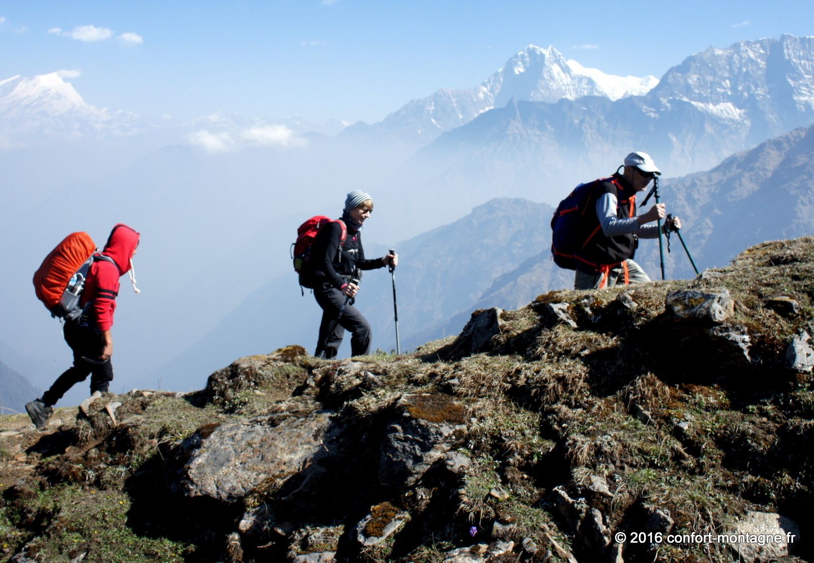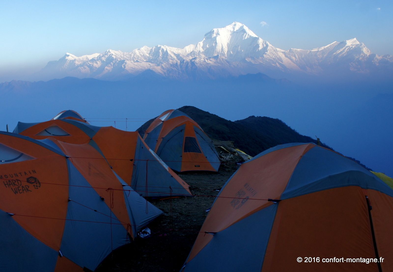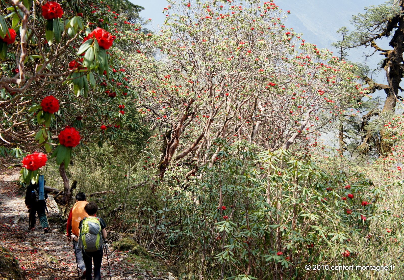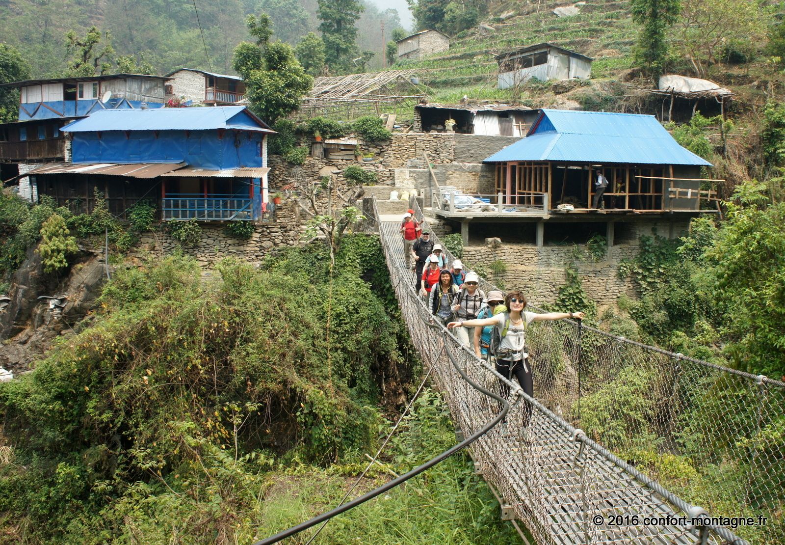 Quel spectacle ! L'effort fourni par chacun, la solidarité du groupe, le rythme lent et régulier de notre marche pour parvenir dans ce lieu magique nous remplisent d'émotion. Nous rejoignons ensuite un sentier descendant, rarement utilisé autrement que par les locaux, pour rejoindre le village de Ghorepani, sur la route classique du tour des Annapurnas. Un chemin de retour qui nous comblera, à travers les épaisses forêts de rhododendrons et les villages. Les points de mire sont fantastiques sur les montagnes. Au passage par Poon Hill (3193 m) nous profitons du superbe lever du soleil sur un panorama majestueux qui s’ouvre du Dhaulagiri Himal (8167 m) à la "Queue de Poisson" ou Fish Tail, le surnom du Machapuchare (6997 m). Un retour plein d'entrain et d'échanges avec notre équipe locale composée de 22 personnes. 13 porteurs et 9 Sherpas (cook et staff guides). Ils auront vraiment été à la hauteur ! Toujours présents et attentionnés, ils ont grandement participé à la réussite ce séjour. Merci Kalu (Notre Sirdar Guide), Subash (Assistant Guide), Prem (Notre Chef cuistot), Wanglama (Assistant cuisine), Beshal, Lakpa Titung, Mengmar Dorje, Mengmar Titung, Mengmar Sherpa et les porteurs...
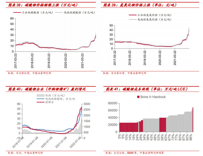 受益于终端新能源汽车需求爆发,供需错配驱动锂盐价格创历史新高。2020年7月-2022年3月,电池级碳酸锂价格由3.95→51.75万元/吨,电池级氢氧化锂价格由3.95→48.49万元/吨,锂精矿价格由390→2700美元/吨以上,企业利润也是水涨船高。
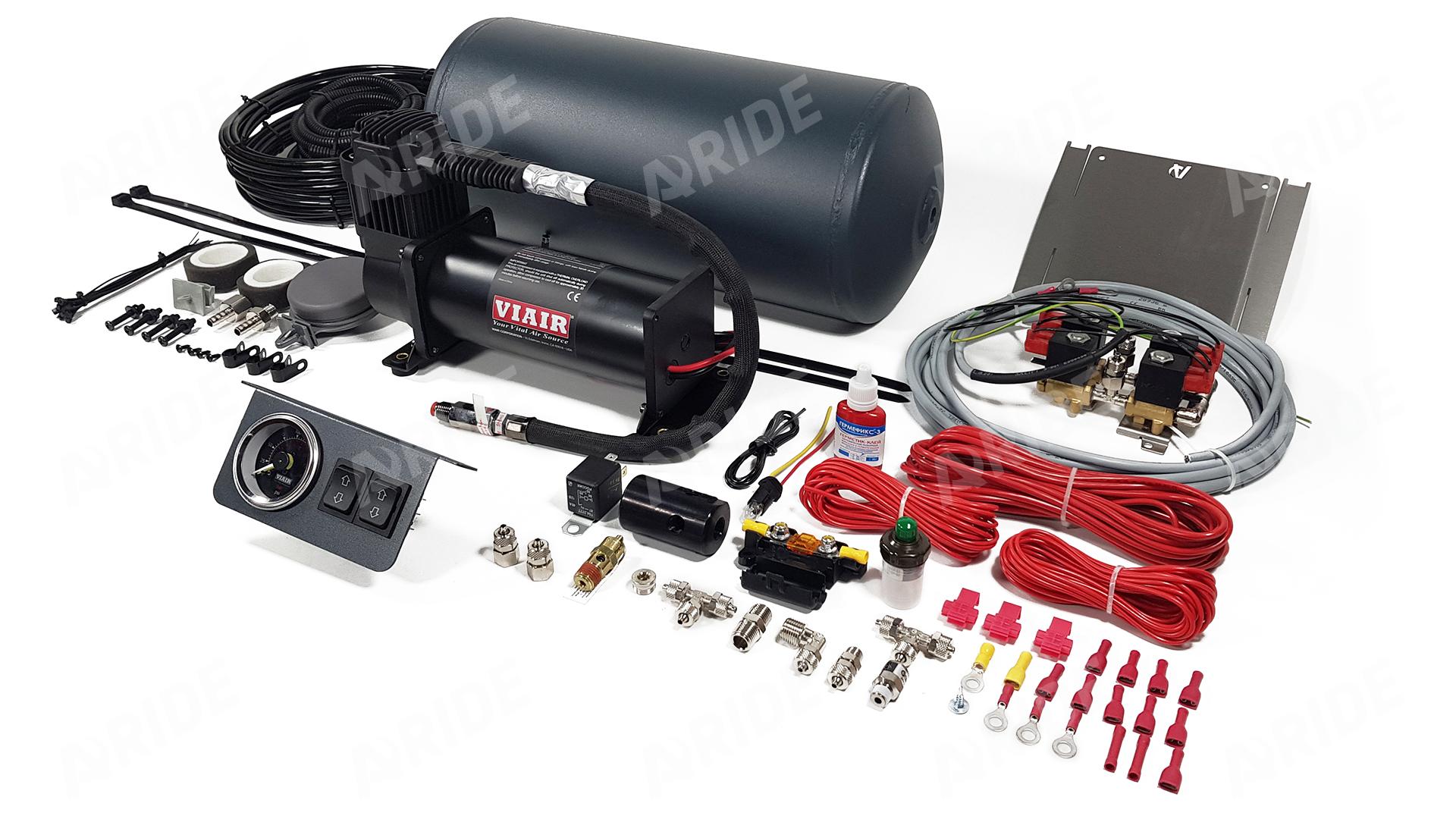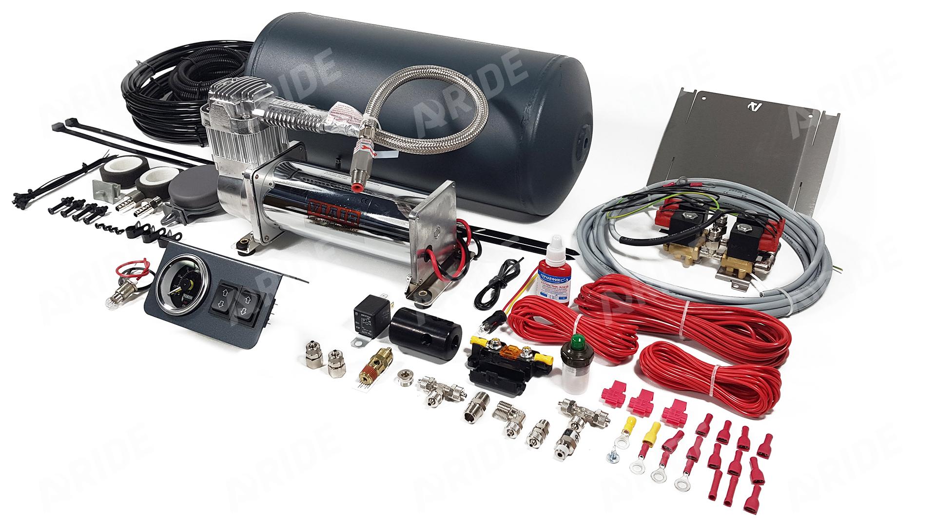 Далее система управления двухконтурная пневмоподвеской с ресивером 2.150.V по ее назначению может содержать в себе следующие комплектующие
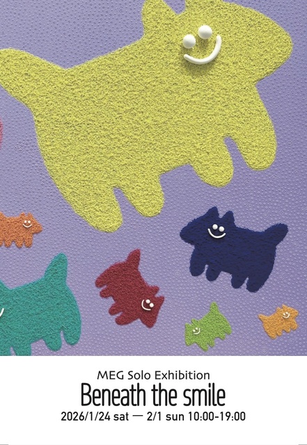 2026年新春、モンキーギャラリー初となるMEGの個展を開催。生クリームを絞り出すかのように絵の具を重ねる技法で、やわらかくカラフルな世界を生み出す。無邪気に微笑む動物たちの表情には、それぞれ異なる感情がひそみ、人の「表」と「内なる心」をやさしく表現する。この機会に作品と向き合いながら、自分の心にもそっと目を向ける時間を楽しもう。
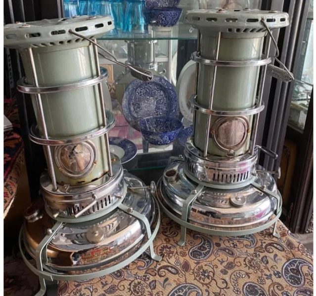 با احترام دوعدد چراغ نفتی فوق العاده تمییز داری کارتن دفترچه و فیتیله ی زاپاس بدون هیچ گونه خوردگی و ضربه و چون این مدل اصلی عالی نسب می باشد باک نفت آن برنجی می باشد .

──────────

Omit the pictures and write out exactly the lines from the one containing "Далее система управления" through the last line of the material.

 Далее система управления двухконтурная пневмоподвеской с ресивером 2.150.V по ее назначению может содержать в себе следующие комплектующие
 2026年新春、モンキーギャラリー初となるMEGの個展を開催。生クリームを絞り出すかのように絵の具を重ねる技法で、やわらかくカラフルな世界を生み出す。無邪気に微笑む動物たちの表情には、それぞれ異なる感情がひそみ、人の「表」と「内なる心」をやさしく表現する。この機会に作品と向き合いながら、自分の心にもそっと目を向ける時間を楽しもう。
 با احترام دوعدد چراغ نفتی فوق العاده تمییز داری کارتن دفترچه و فیتیله ی زاپاس بدون هیچ گونه خوردگی و ضربه و چون این مدل اصلی عالی نسب می باشد باک نفت آن برنجی می باشد .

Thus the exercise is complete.